Understandably, a lot of women tend to back off exercise when they have a newborn growing inside of them (Ekelin et al. 2018). This is likely due to various reasons from: feelings of inadequacy; lack of time; lack of support; too busy; or prioritising focusing on the baby rather than themselves (Ekelin et al. 2018) and even concerns about its safety (Coll et al. 2017).
However, these safety concerns have not been substantiated by the literature, and if anything, exercise is seen now as a therapeutic measure to reduce pregnancy complications and optimise maternal-fetal health (Ferraro et al. 2012).
The multiple health benefits of exercising during pregnancy are well documented for both mother and baby with a reduced risk of: gestational diabetes; gestational hypertension; pre-eclampsia; caesarean section; depressive symptoms; total weight gain; pelvic girdle pain; low back pain and improved blood glucose levels (Davenport et al. 2018; Mottola et al. 2019; Gjestland et al. 2013).

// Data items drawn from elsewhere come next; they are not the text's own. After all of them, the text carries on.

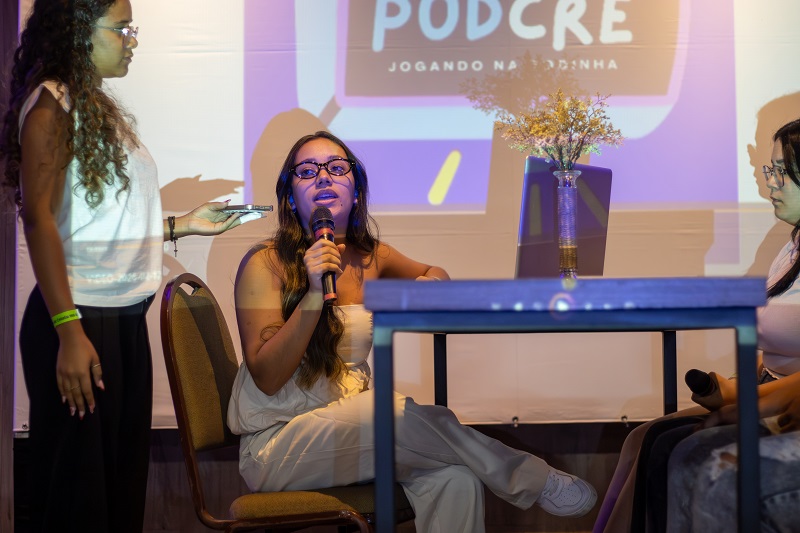 No estúdio improvisado no Delmar Hotel, na Orla de Atalaia, em Aracaju, a estudante da graduação em Gestão da Tecnologia da Informação, do Instituto Federal de Sergipe, Campus Propriá, Thaislane Vitória Leite Santana, viveu um papel diferente do habitual: no podcast criado para o encerramento da II Jornada de Assistência Estudantil (JAE), ela interpretou uma “especialista” no tema do assédio, respondendo às perguntas feitas por apresentadores e participantes, como se estivesse em uma entrevista ao vivo. A experiência exigiu transformar um assunto pesado em conversa objetiva e útil. “Quando decidimos fazer o podcast, surgiram muitas ideias, pois o assunto em si é muito complexo”, disse a aluna, ao explicar que o grupo escolheu não se prender à explicação do problema, mas às saídas possíveis. O resultado foi a principal marca do último dia do evento: apresentações culturais com teatro, poemas, cordel, música, tirinhas e podcasts e a finalização de um documento de propostas construído pelos estudantes para orientar ajustes na política de assistência estudantil do IFS.
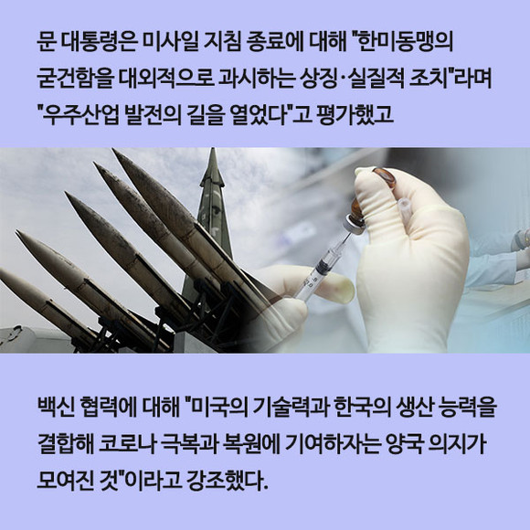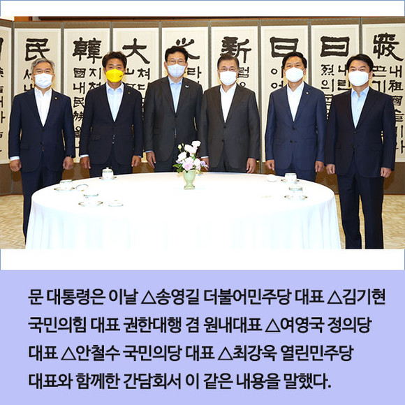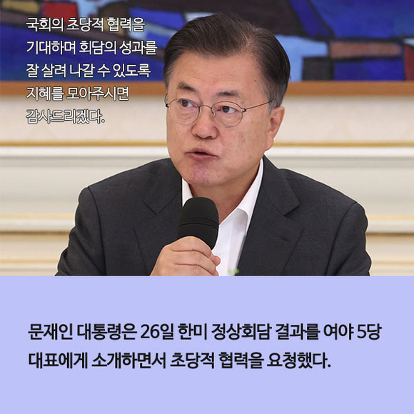 [프라임경제] 문재인 대통령은 26일 미사일 지침 종료 및 백신 협력 등의 한미 정상회담 결과을 언급하면서 여야 5당 대표에게 협력을 요청했다.
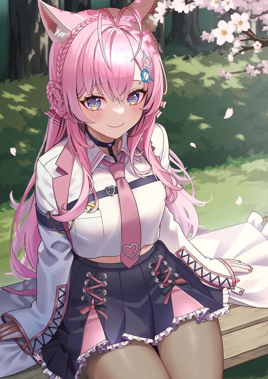 1girlanimal_ear_fluffanimal_earsantenna_hairbeltblack_beltblack_chokerblack_ribbonblack_skirtbraidbraided_bunbrown_pantyhosecherry_blossomschest_beltchokerclosed_mouthcoatcollared_shirtcrop_topcrown_braidfingernailsfrilled_skirtfrillshair_between_eyeshair_bunhair_ribbonhexagon_hair_ornamentlab_coatlong_hairlong_sleevesmidriff_peeknail_polishnecktieoutdoorspantyhosepink_hairpink_nailspink_necktiepink_ribbonpink_skirtpocket_watchpurple_eyesred_ribbonribbonshirtsittingskirtsleeves_past_wristssmilesolospring_(season)tie_cliptreetwo-tone_skirtvirtual_youtuberwatchwhite_coatwhite_shirtwolf_earswolf_girl
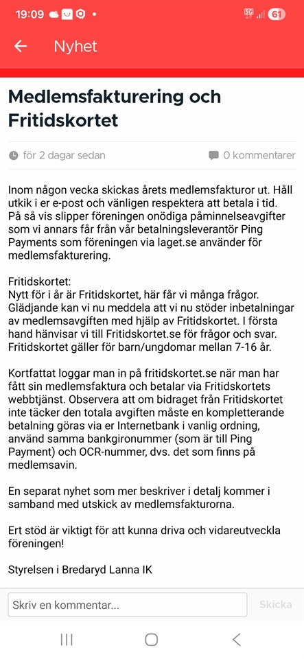 Klicka på bekräftelselänken i det mejl vi skickat dig för att börja ta emot uppdateringar från Bredaryd Lanna IK P-13.
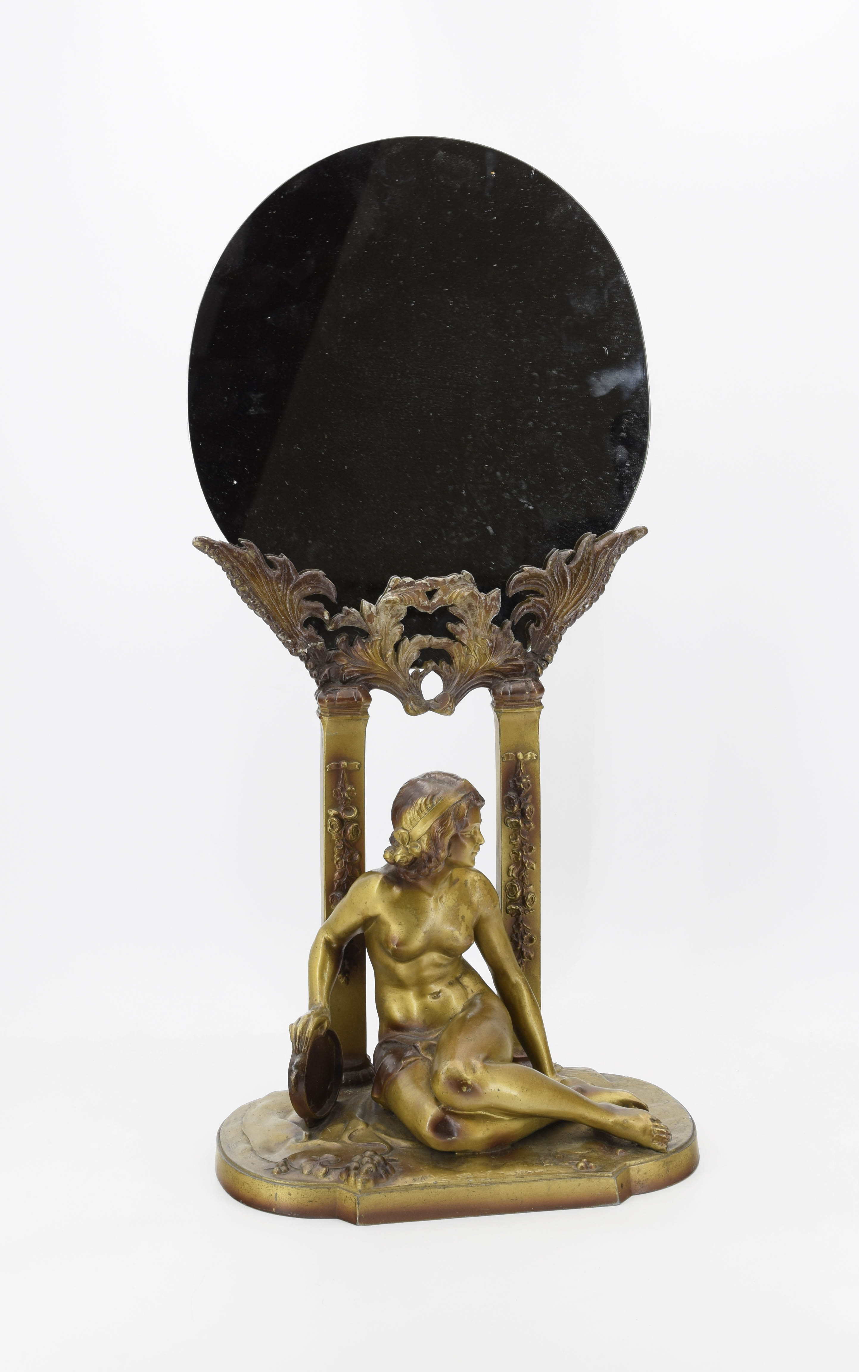 metal złocony wtórnie, tafla lustrzana; wys. 58,5 cm; szer. 28 cm; głęb.17 cm;
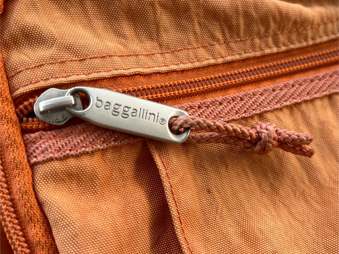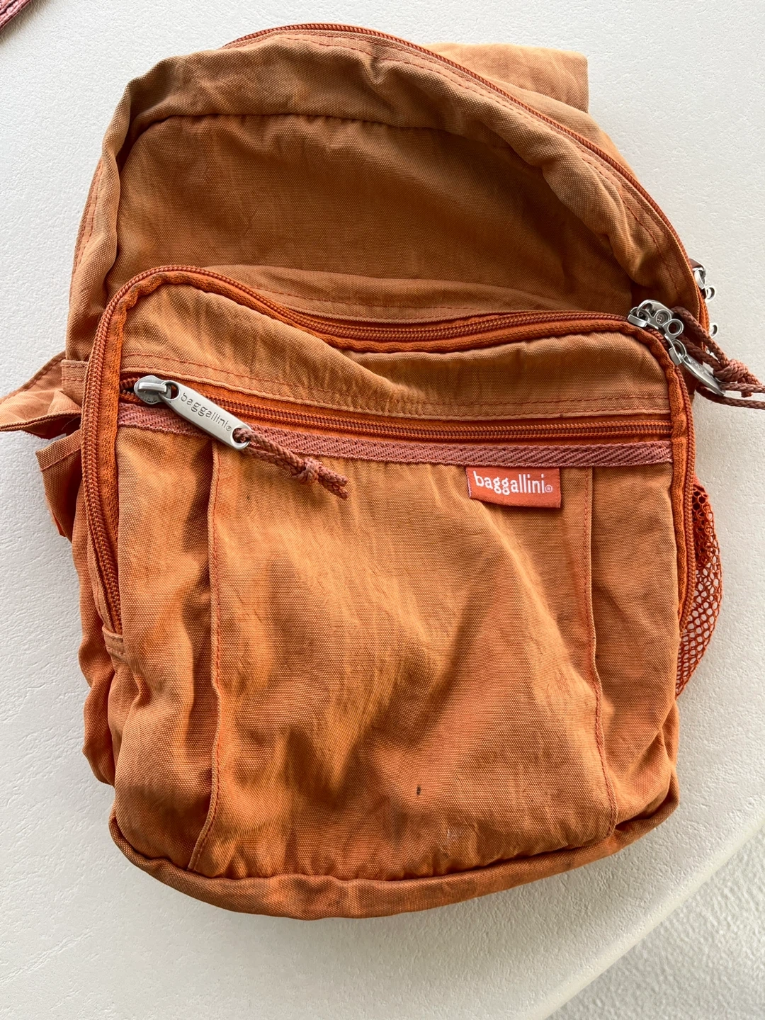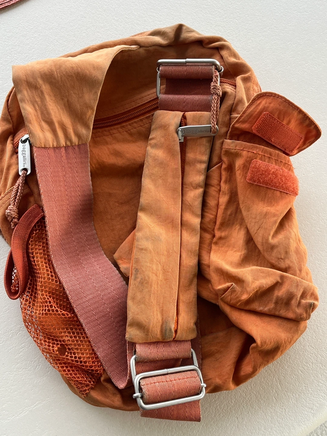 This used orange Baggallini sling backpack is made of nylon. It features multiple zippered pockets for organization and an adjustable strap. It has a mesh side pocket. There is some fading colour due to age.
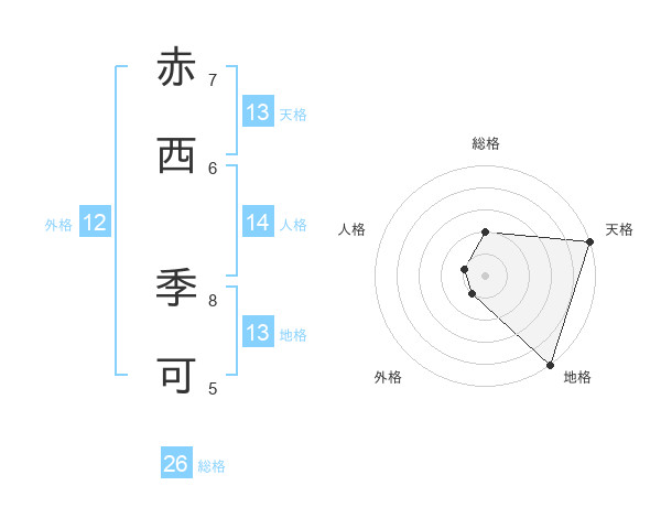 家系が持つ宿命的な運勢を表します。祖先から受け継いだ苗字ですので自分の力が及びません。家柄を象徴します。
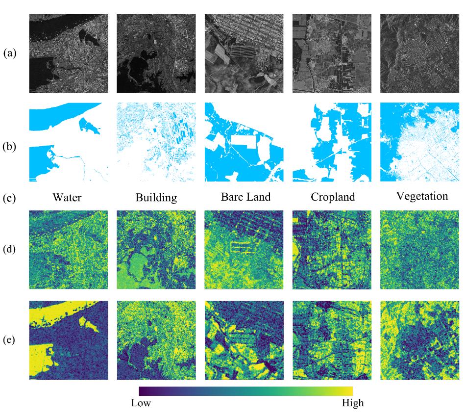 图5 消融实验中的图文相似度可视化结果。(a) 输入 SAR 图像,(b) 参考标签,(c) 文本提示,(d) 未使用 HPL 的 SARCLIP 相似度图,(e) 使用 HPL 的 SARCLIP 相似度图。颜色条表示相似度分数
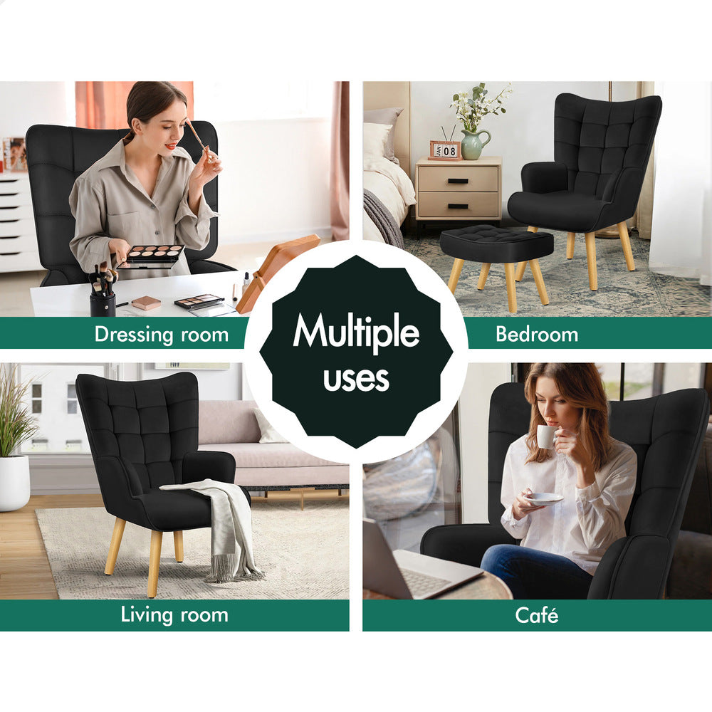 ALFORDSON Armchair Velvet Wooden Accent Chair Lounge Sofa Ottoman Couch Seat
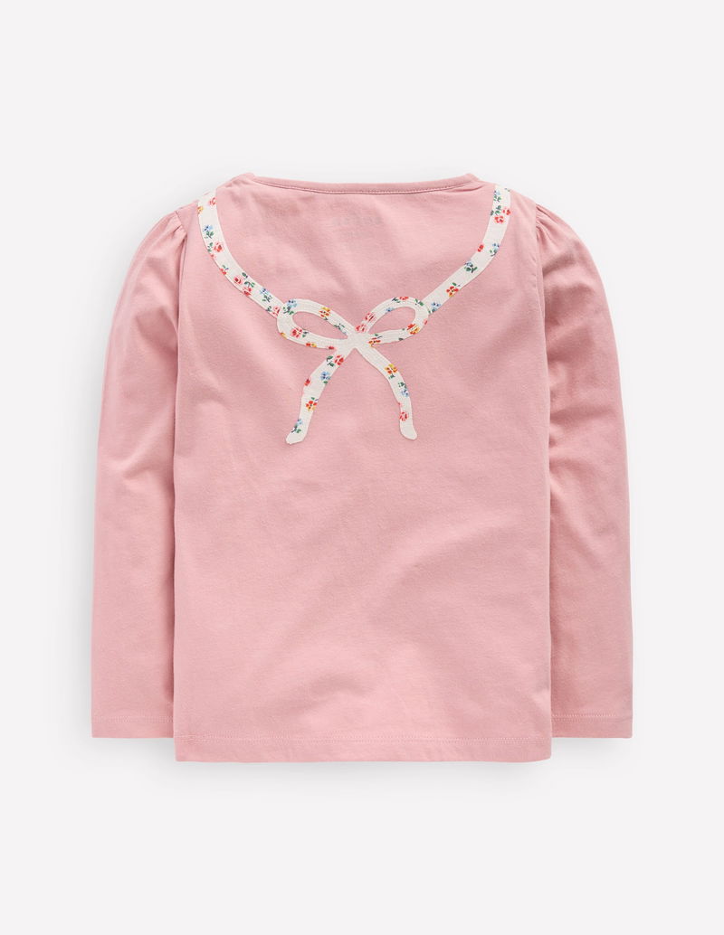 Puff Sleeve Appliqué T-shirt-Vintage Pink Skates
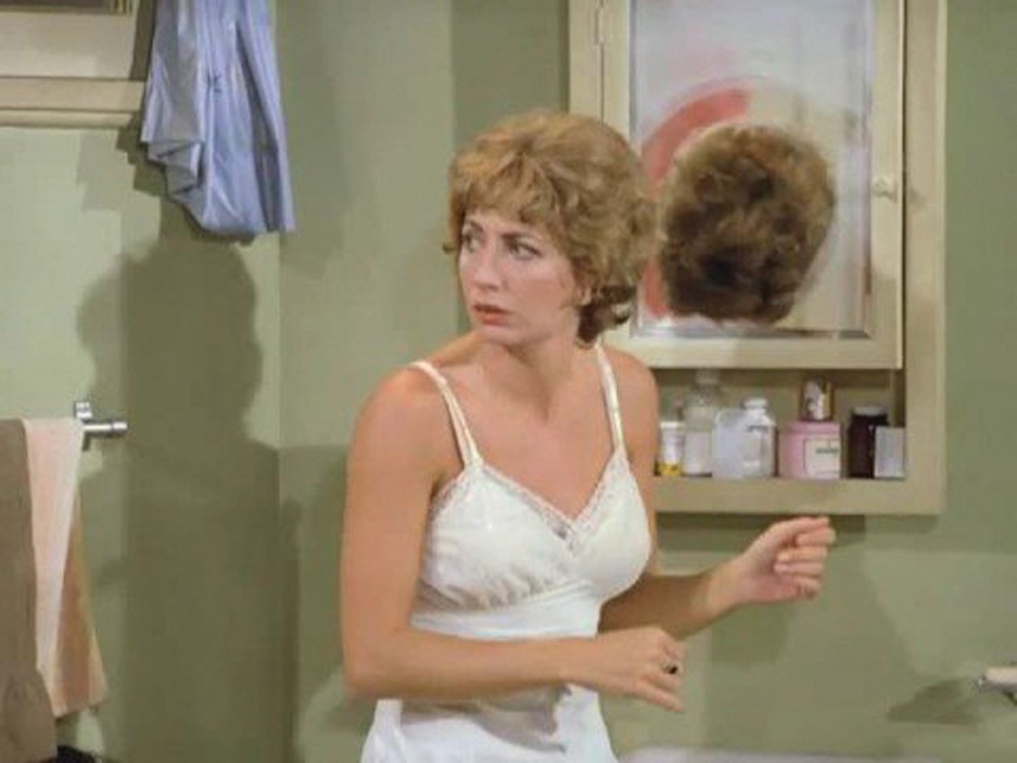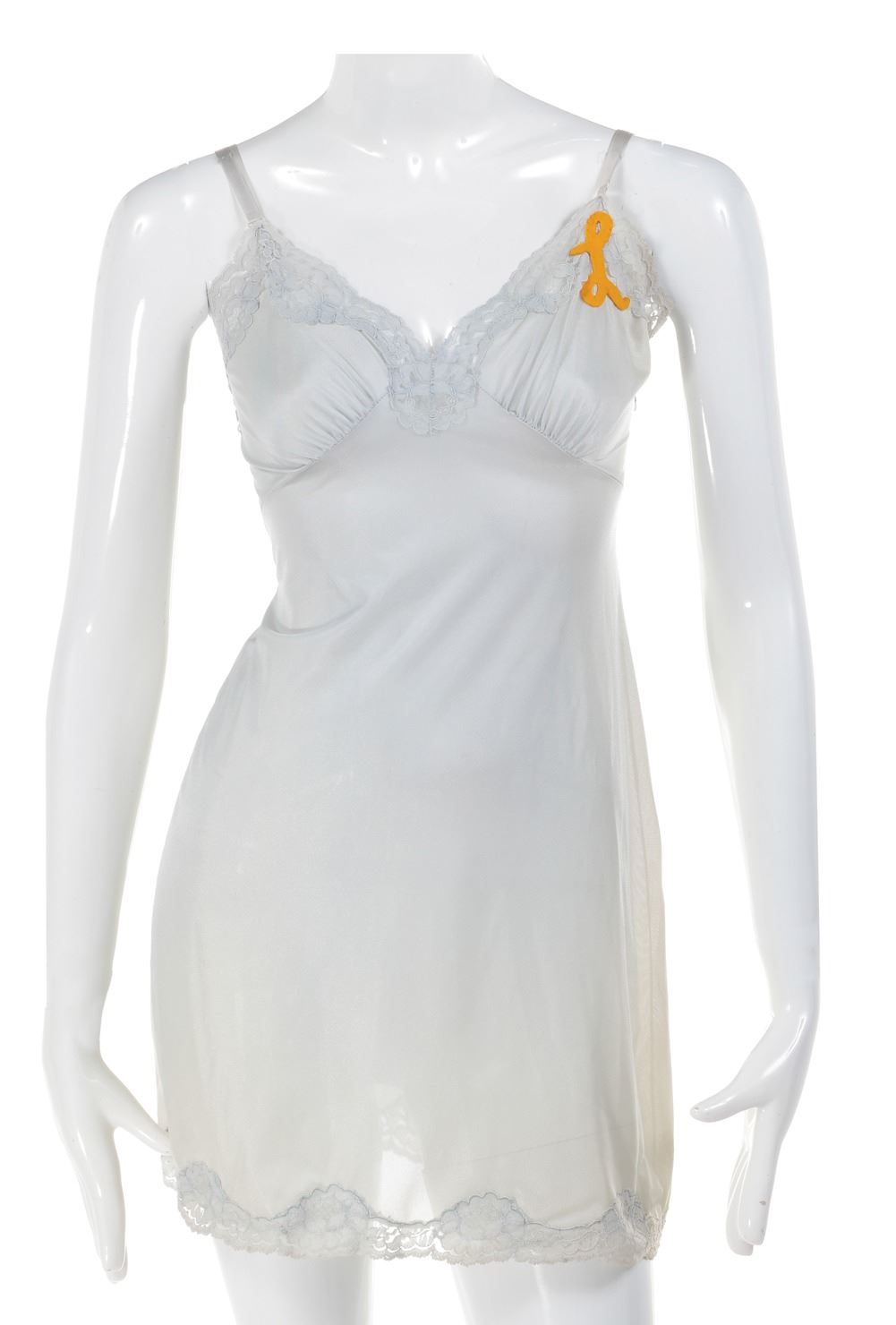 135. Penny Marshall Laverne DeFazio monogram slip from Laverne & Shirley.(ABC, 1976-83) Vintage original pale blue slip with adjustable ribbon straps, lace trim at v-neck and hem, and trademark yellow felt "L" stitched to left chest. Exhibiting production wear and age. In vintage very good to fine condition. $400 - $600

It has been shown that adhering to 140 minutes of moderate intensity exercise per week (brisk walking, water aerobics, stationary cycling or resistance training) can reduce the risk of developing pregnancy related complications by 25% (Davenport et al. 2018). However, only 14% of pregnant women meet these recommended guidelines (Gjestland et al. 2013).
Even a brisk walk is a good way to get started and it is safe and completely free!
Now, if you are pregnant, before you rush to get your trainers on, there are some reasons for not exercising at all (absolute contraindications) and some occasions when you should proceed with caution and only with clearance from your Obstetrician or Gynaecologist (relative contraindications). Mottola et al. (2018) have provided clear guidance on the absolute and relative contraindications to exercise during pregnancy and these can be found by following the link below:
https://bjsm.bmj.com/content/52/21/1339
If you have none of the contraindications listed here then get exercising! As the old saying goes, “there is no time like the present.” If you are new to exercise, start slow and build up gradually. If you are already active then continue as normal. And there is no need to worry about harm to the baby as studies have shown no adverse impact on fetal heart rate or uteroplacental blood flow during or after exercise (Skow et al. 2019). The Department of Health have even produced a nice infographic on this subject (see below) with clear guidance on exercise recommendations for pregnant women.
A mixture of aerobic and resistance training delivers greater benefits than aerobic exercise alone (Mottola et al. 2018)
Being a man, I have never had to endure the morning sickness, nausea, pain and all of the other horrible side effects that can occur during pregnancy, but having seen my wife endure 2 arduous pregnancies and labours, I’m fully aware that sometimes it takes its toll on the body and the last thing you feel like doing is going to the gym! This is ok, and if you don’t feel you are able to exercise due to pain or some other form of discomfort, then the advice is to gradually introduce yourself to them when you are feeling better. However, if you do start to feel unwell when exercising, then Mottola and colleagues over in Canada have provided some clear guidance and instruction on safety instructions and when to stop exercising and consult your doctor (Please follow link below)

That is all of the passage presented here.